To assess whether the black-sand treatment influenced flowering phenology of forbs, we counted the total number of flowers in subplots twice per week beginning with flowering onset and ending when flowering ceased. A total of 50 forb and 1 woody species were present across all sites (Table S1). Many of the forbs in this system produce flowers that senesce within 3–4 d, and those that have longer floral longevity (e.g., Geum rossii (Rosaceae)) occur at similar densities in subplots across treatments. From our flower count data, we created a metric of floral abundance by taking the cumulative sum of flowers across all flowering species at all time points per subplot.

To assess pollinator visitation to flowers, we performed 15-min observations of the entire flowering community twice per week in subplots where flowers were present, which represented approximately ten weeks of the summer in each site. We conducted observations only when cloud cover was less than 50% and winds were under 24 km per h. We recorded the identities of insects and plants upon observing contact of insects with anthers or stigmas and collected the first two insect visitors of each morphospecies per observation period for identification (Table S1, Table S2). To ensure equal sampling effort, the total amount of observation time per treatment was approximately the same at 3,615 min in control plots and 3,690 min in advanced plots across all sites. Within each site, we counted flowers in subplots of each treatment the same number of times across the season and therefore used the total cumulative visits to flowers across the entire flowering season at the subplot level as our metric of pollinator visitation rate.

To assess the topography of each subplot, we used a digital elevation model (DEM) for Niwot Ridge from OpenTopography (Anderson et al. 2013). Using the R (R Core Team 2022) package raster and function terrain (Hijmans 2023), we calculated elevation, aspect, and slope. We also calculated TPI at a 1.5-m and 15-m radius to represent topography (Oldfather et al. 2016).

Data analysis

To explore the overall impacts of the black-sand treatment on the timing of snowmelt, we fit a linear mixed-effects model (LMM) for each site using snowmelt timing as the response variable, treatment as the predictor, and subplot identity (with subplots paired by elevation) as a random effect.

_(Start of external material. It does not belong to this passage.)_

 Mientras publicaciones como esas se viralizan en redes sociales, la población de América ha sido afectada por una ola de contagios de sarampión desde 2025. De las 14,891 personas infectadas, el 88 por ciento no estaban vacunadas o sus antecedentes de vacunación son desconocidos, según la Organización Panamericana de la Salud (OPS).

To explore how snowmelt timing influenced flowering onset, we fit a LMM with flowering onset of individual plant species in advanced snowmelt subplots as our response variable, flowering onset of individual plant species in control subplots as our predictor variable, and plant species identity as a random effect. We tested the normality of residuals using the R package “DHARMa” (Hartig 2022) and found that they were normally distributed. We then determined whether this linear fit differed from a null expectation of no difference in flowering onset between treatments (i.e., deviated from a 1:1 line) using the package “emmeans” (Lenth 2023). Finally, we calculated the difference in flowering onset for plants in advanced vs. control subplots, then fitted a LMM with the difference as the response variable, flowering onset in control subplots as the predictor variable, and plant species as a random effect. We used the R package “lme4” (Bates et al. 2015) for all LMMs.

To examine the influence of treatment on floral abundance, flowering duration, and pollinator visitation rate, we fit separate LMMs with each response variable, treatment as the predictor variable, and paired subplots nested in sites as a random effect. Flowering duration was calculated as the difference in days between the first and last day that a subplot had flowers of any summer-flowering species. We tested the normality of residuals using the R package “DHARMa” (Hartig 2022) and found that they were normally distributed.

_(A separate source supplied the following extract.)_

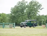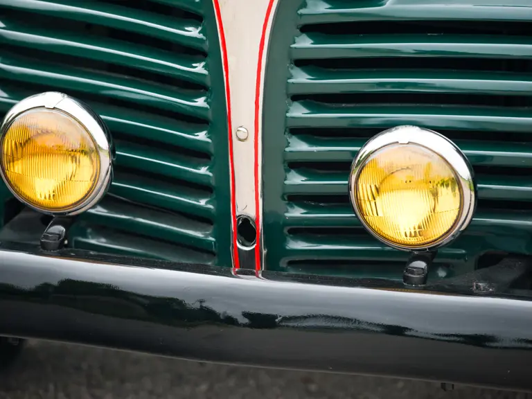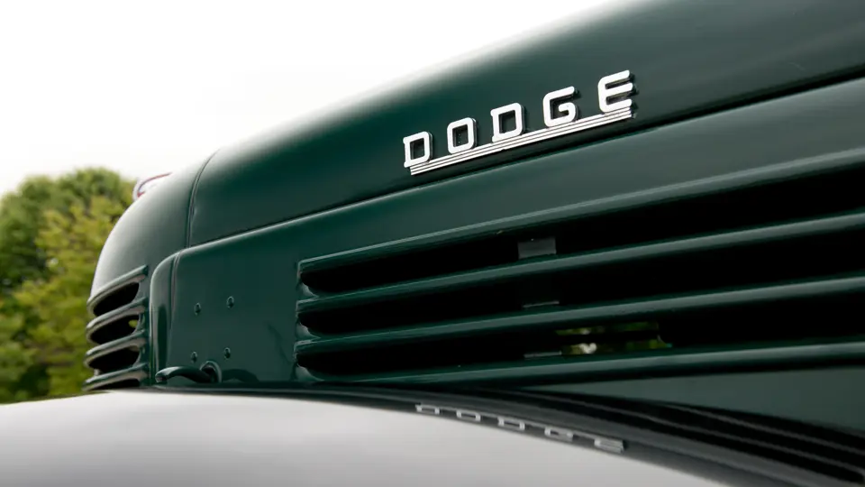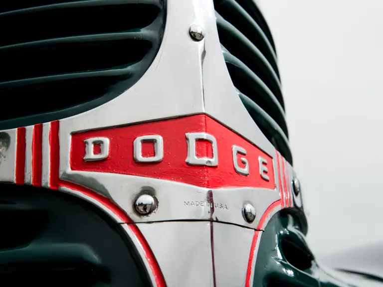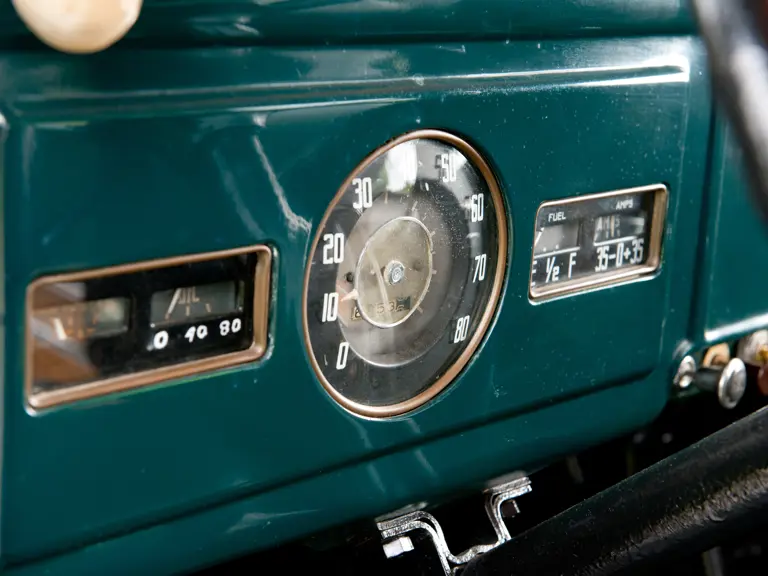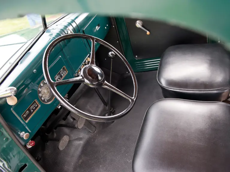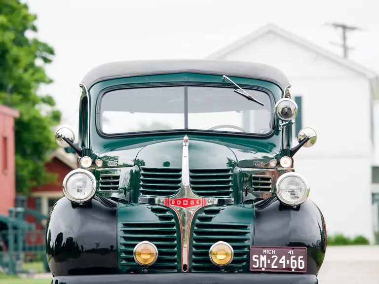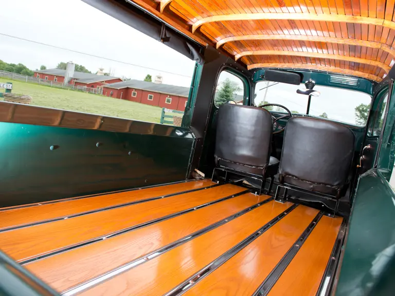 This 1941 Dodge Canopy Express Truck is one of a few produced prior to the entry of the United States into World War II. Even before Pearl Harbor, the nation was gearing up for hostilities, and the industrial base was moving away from automobiles. It has been freshened within the last two years; the green and black paint have been touched up where necessary, and new wood has been fitted to the truck bed, along with stainless steel strips. The engine compartment has been completely detailed, with the engine painted in correct silver and the ancillaries in gloss black. It is tastefully accessorized with fog lights, a windshield post spotlight on the driver’s side, and bright trim rings on the wheels. Unusually, it has a front passenger seat, which was usually omitted on basic models to allow the driver direct access to the cargo area. The roof is fabric covered, with supporting wood slats elegantly varnished underneath.

Finally, to examine the relationships among topography, snowmelt timing, flowering phenology, floral abundance, and pollinator visitation rate, we constructed piecewise structural equation models (pSEMs) with the R packages vegan and piecewiseSEM (Lefcheck 2016; Oksanen et al. 2022). The base pSEM model was created using inferences derived from the literature, exploratory analyses, and variation inflation factor (VIF) analyses. Predictor variables were selected based on covariance, which was determined using Pearson correlation with R package Hmisc, and then assessed using VIF analyses (Harrell 2023; Zuur et al. 2009). We excluded predictors that led to a VIF > 2.0 to reduce the effect of collinearity (Berglund et al. 2013) and performed model selection by choosing models with the lowest Akaike Information Criterion using the R package “AIC” (Shipley 2013). Variables that did not lead to VIF scores over 2.0 were added based on tests of directed separation (Lefcheck 2016). We tested the normality of residuals of all linear models using the R package “DHARMa” (Hartig 2022).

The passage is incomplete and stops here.